Best photo manager apps for Mac to tame your photo chaos Tweet Sep 24, 2018 — Managing a huge gallery and organizing photos is a tricky business, even if you’re generally tidy, so it’s always a good idea to use some help. It is an image organizer, photo editor and photo sharing app. Windows Live Photo Gallery collects a simple set of tools for downloading, editing, and sharing photos. Its functional design and excellent capabilities make it a perfect choice of every user.
There aren't many Mac photo management apps that aren't geared towards a specific purpose, but among the few we think Lyn is the best for it's speed, wide format compatibility, and good integration with popular online services.
Progressive display on single or multiple monitor configurations
Load images of virtually any size
Multi-threading to take advantage of multicore CPUs
Compatible with High Dynamic-Range (HDR) images like TIFF float as well as Radiance and OpenEXR
Common metadata parser: EXIF, Camera's maker note, GPS, GeoTIFF, IPTC
Image navigation with Apple Remote Control or Magic Trackpad
Fullscreen and slideshow
Full IPTC editing with user-defined presets
Batch convert and rename
User-defined places
Non-destructive editing for image transformations
Easily browse your iPhoto, Aperture, and Lightroom libraries (Mac OS X 10.5 or later required)

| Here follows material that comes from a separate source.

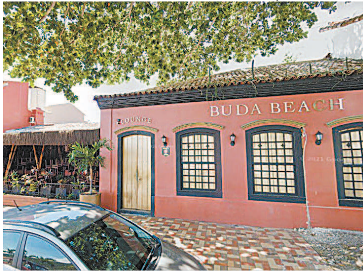
Mulher diz que crime ocorreu na 'área vip' da boate, em Cabo Frio

O deputado Poubel gravou vídeo em que afirma não ter visto "qualquer tipo de agressão", e que não é homofóbico. "Tenho pessoas no meu gabinete que são homossexuais", disse. Poubel disse não ter sido notificado para depor, mas que irá procurar a polícia para esclarecimentos. "Estava no local, sim, cuidando de questões administrativas. Não presenciei qualquer tipo de agressão e repúdio violência".

Facebook, Flickr, 500px, and Picasa Web Albums sharing (Mac OS X 10.5 or later required)
Advertisement
Where It Excels
Lyn is a very versatile photo manager that works the way you want to work. If you're coming from iPhoto, it can read your iPhoto library as-is. If you just want an app for viewing a folder structure currently on your drive, Lyn can handle that as well. However you want to manage your photos, it can adapt. Additionally, it can handle pretty much any type of image you through at it. The app, overall, is very versatile. When you want to put your images elsewhere, it also integrates very well with online services like Facebook, Flickr, and Picasa so you can easily share your images. On top of all of that, Lyn is very fast at loading image previews. That is exceptionally helpful for people with large collections.

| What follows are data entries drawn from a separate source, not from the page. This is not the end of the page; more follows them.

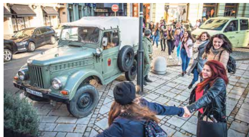
Lidský řetěz kolem historického centra.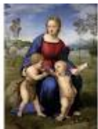
MADONNA DEL CARDELLINO – Raffaello Sanzio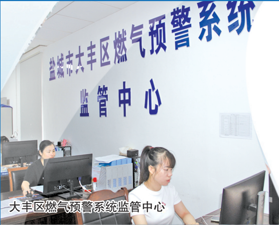
大丰区燃气预警系统监管中心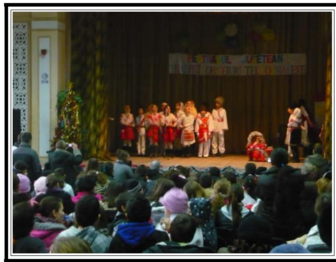
Și din nou ...Colinde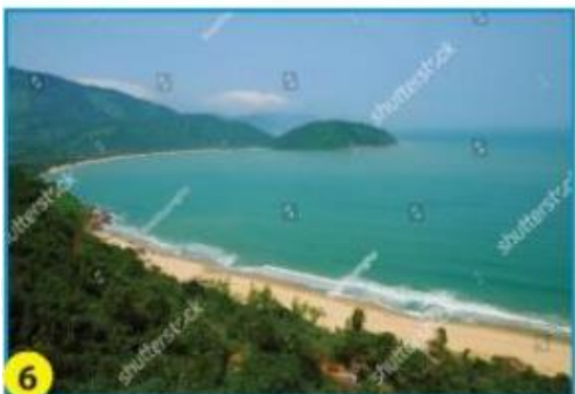
Biển Lăng Cô (Thừa Thiên Huế)

There isn't much to complain about with Lyn. It manages your photos, works quickly, and integrates with likely every online service you'd want to use. What you don't get, however, is some of the special features you'll find in applications like iPhoto. Lyn doesn't provide facial recognition or organize using Apple's 'event' structure. Download.com video editor for mac. You also can't order books, cards, and other products directly from the app. If you really care about those things, you're probably already happy with iPhoto. If not, you should be using Lyn.
Advertisement
The Competition
iPhoto ($15), our former reigning champ, is a really great, simple, feature-rich app that mostly just suffers from being a bit bloated and slow. It's also not fantastic at organizing an enormous collection of photos. Nonetheless, it's cheap and manages to do a lot. If your photo library isn't enormous and you have plenty of disk space, iPhoto is a good choice.
Flickery is essentially a desktop interface for Flickr. https://keennote.weebly.com/thunderbird-for-mac-high-sierra.html. It'll cost you $10 (although you can try it for free for 15 days), but that price may be worthwhile if you're primarily a Flickr user and want an iPhoto-like interface that's dedicated to the service.
Advertisement
If you're really serious about your photos, you may prefer managing them with the pricey, more professional Aperture or Lightroom. Aperture is like iPhoto for pros, and Lightroom is a similar take on the same concept. Mksap internal medicine pdf download.
Best Free Photo Editing Software For Mac
Then there's what I do: I put photos in folders in Dropbox. I can quicklook everything in the Finder, the thumbnails can be made large in icon view, everything automatically syncs online, it's easy to share the files, it syncs with my iPhone the same as iPhoto, and I can access every photo from my phone with the Dropbox app. I chose to do this because all the photo management software I used was too slow and bloated. I wanted something quick. It's not a solution for everyone, but if you just want to organize your images without hassle it works very well.
Advertisement
Lifehacker's App Directory is a new and growing directory of recommendations for the best applications and tools in a number of given categories.